Jokowi akui bantuan untuk korban cuaca ekstrem di Papua terhambat

Bantuan seberat 50 ton sudah dikirim sejak Rabu (15/7).

Redaksi Merdeka
Oleh Redaksi Merdeka - Reporter
Jokowi akui bantuan untuk korban cuaca ekstrem di Papua terhambat
Jokowi di Papua. ©Setpres RI

Pemerintah mengaku sudah mengirimkan bantuan untuk korban cuaca ekstrem di Lanny Jaya, Papua. Dari Aceh Presiden Joko Widodo memantau distribusi bantuan tersebut.

Menurut pengakuan Presiden, bantuan itu sudah dikirim sejak Rabu (15/7). Namun belum bisa sampai ke lokasi karena gangguan cuaca.

"Sudah kita kirim dua hari lalu, sudah di Wamena pagi tadi saya cek, tetapi dari Wamena menuju ke puncak, Lanny Jaya memang cuacanya (buruk). Mudah-mudahan hari ini (bisa sampai)," kata Presiden di Pangkalan Udara Sultan Iskandar Muda Banda Aceh, seperti dilansir Antara, Jumat (17/7).

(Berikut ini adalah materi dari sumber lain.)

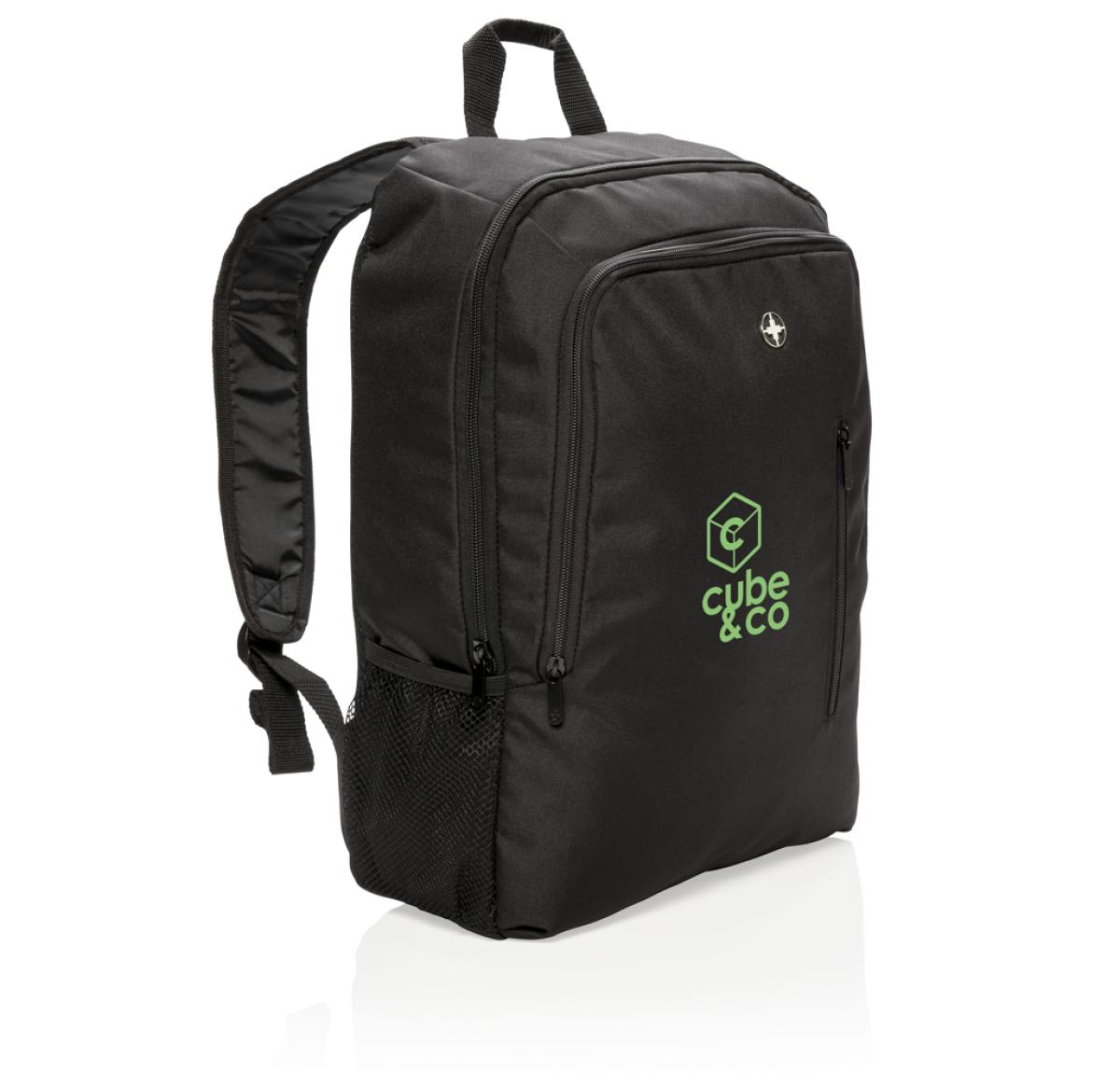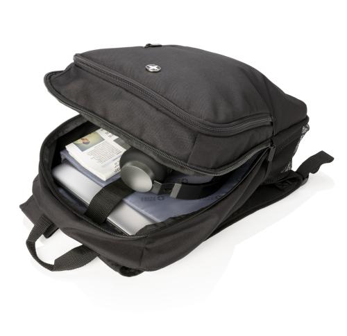 Streamlined styling and intelligently placed features add up to a minimalist footprint with this 600D & 1680D polyester backpack. 1 big main compartment sized to fit laptops with up to 17 inch displays. Second compartment with practical organisation for e
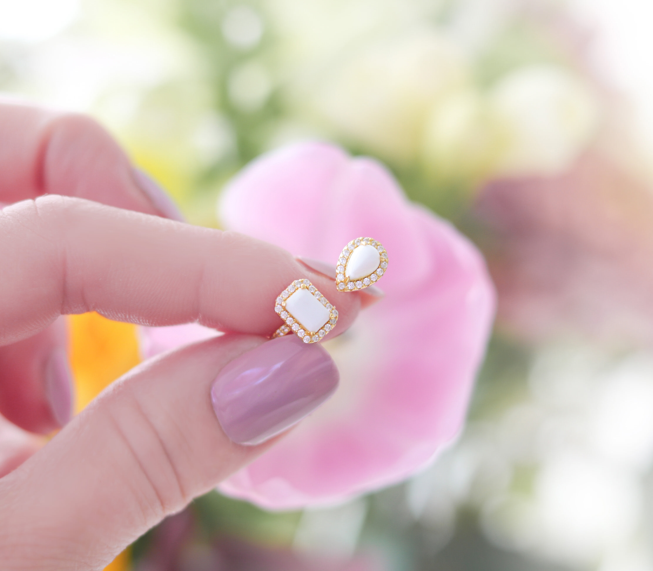 La goutte et le diamant de forme rectangulaire de lait maternel mesure environ 6×4 mm chacun.

Presiden tidak menyebutkan jenis bantuan yang dibawa menggunakan pesawat khusus dari Wamena. Mantan Gubernur DKI Jakarta tersebut berharap bantuan dapat segera sampai.

Sebelumnya, Sekda Lanny Jaya Cristian Sohilait mengatakan, setidaknya ada 10 warga yang meninggal dunia akibat cuaca dingin yang terjadi pada awal Juli.

"Dari laporan yang kami terima, sebelum dilanda hujan es, Distrik Wano Barat yang memiliki 11 kampung itu sempat mengalami kemarau yang menyebabkan tanaman mati," katanya.

Pada 3 Juli lalu terjadi hujan es atau frost yang melanda kampung-kampung di Distrik Wano Barat. Hujan es kembali turun pada 5 Juli hingga mengakibatkan tanaman membusuk.

"Hujan es yang menyebabkan suhu di bawah nol derajat itu pun mengakibatkan meninggalnya warga dan juga ternak," kata Sohilait.